# Task objective:
Write the listing out again word for word, leaving each picture behind.

# Exercise data:
* * * * * * *

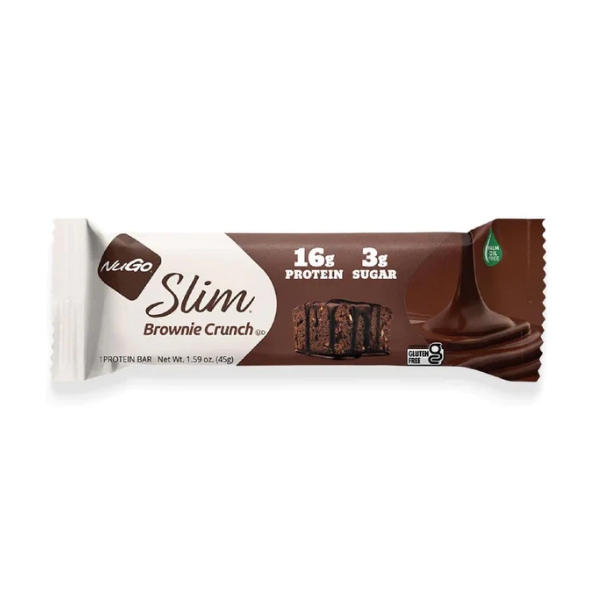 ¿Tienes antojo de esos brownies caseros masticables pero no quieres azúcar? NuGo Slim® Brownie Crunch combina el delicioso sabor de los brownies recién horneados con el delicioso crujido de las almendras trituradas. Esta barra recubierta de chocolate negro real tiene solo 3 g de azúcar, 16 g de proteína y no contiene gluten. ¡Ahora puedes satisfacer tus antojos de brownies cuando los tengas, sin necesidad de horno!
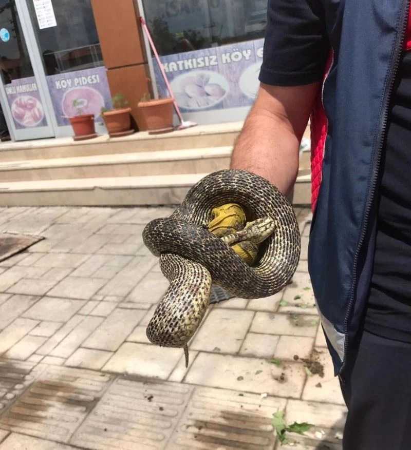 Tokat’ın Niksar ilçesinde, bir işyerinin önünde görülen yılan itfaiye ekiplerinin çalışmaları sonucu yakalanarak doğaya bırakıldı.
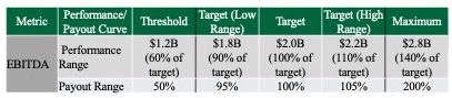 An alternative approach is the use of a “target performance range.” Under this method, a company establishes a range around the target performance goal reflecting insights regarding expected commodity price volatility or economic performance. The following example illustrates this approach for a company that uses Earnings Before Interest, Taxes, Depreciation and Amortization (EBITDA) as a performance metric, which is highly sensitive to a commodity price. The company believes that the commodity price could fluctuate between 90% and 110% of the price assumption selected for the annual business plan that is used to establish the target EBITDA performance goal. Assuming the use of a wider performance range (60% to 140% of target for threshold and maximum performance) the target range would be illustrated as follows:

* * * * * * *

# Final answer:
 ¿Tienes antojo de esos brownies caseros masticables pero no quieres azúcar? NuGo Slim® Brownie Crunch combina el delicioso sabor de los brownies recién horneados con el delicioso crujido de las almendras trituradas. Esta barra recubierta de chocolate negro real tiene solo 3 g de azúcar, 16 g de proteína y no contiene gluten. ¡Ahora puedes satisfacer tus antojos de brownies cuando los tengas, sin necesidad de horno!
 Tokat’ın Niksar ilçesinde, bir işyerinin önünde görülen yılan itfaiye ekiplerinin çalışmaları sonucu yakalanarak doğaya bırakıldı.
 An alternative approach is the use of a “target performance range.” Under this method, a company establishes a range around the target performance goal reflecting insights regarding expected commodity price volatility or economic performance. The following example illustrates this approach for a company that uses Earnings Before Interest, Taxes, Depreciation and Amortization (EBITDA) as a performance metric, which is highly sensitive to a commodity price. The company believes that the commodity price could fluctuate between 90% and 110% of the price assumption selected for the annual business plan that is used to establish the target EBITDA performance goal. Assuming the use of a wider performance range (60% to 140% of target for threshold and maximum performance) the target range would be illustrated as follows:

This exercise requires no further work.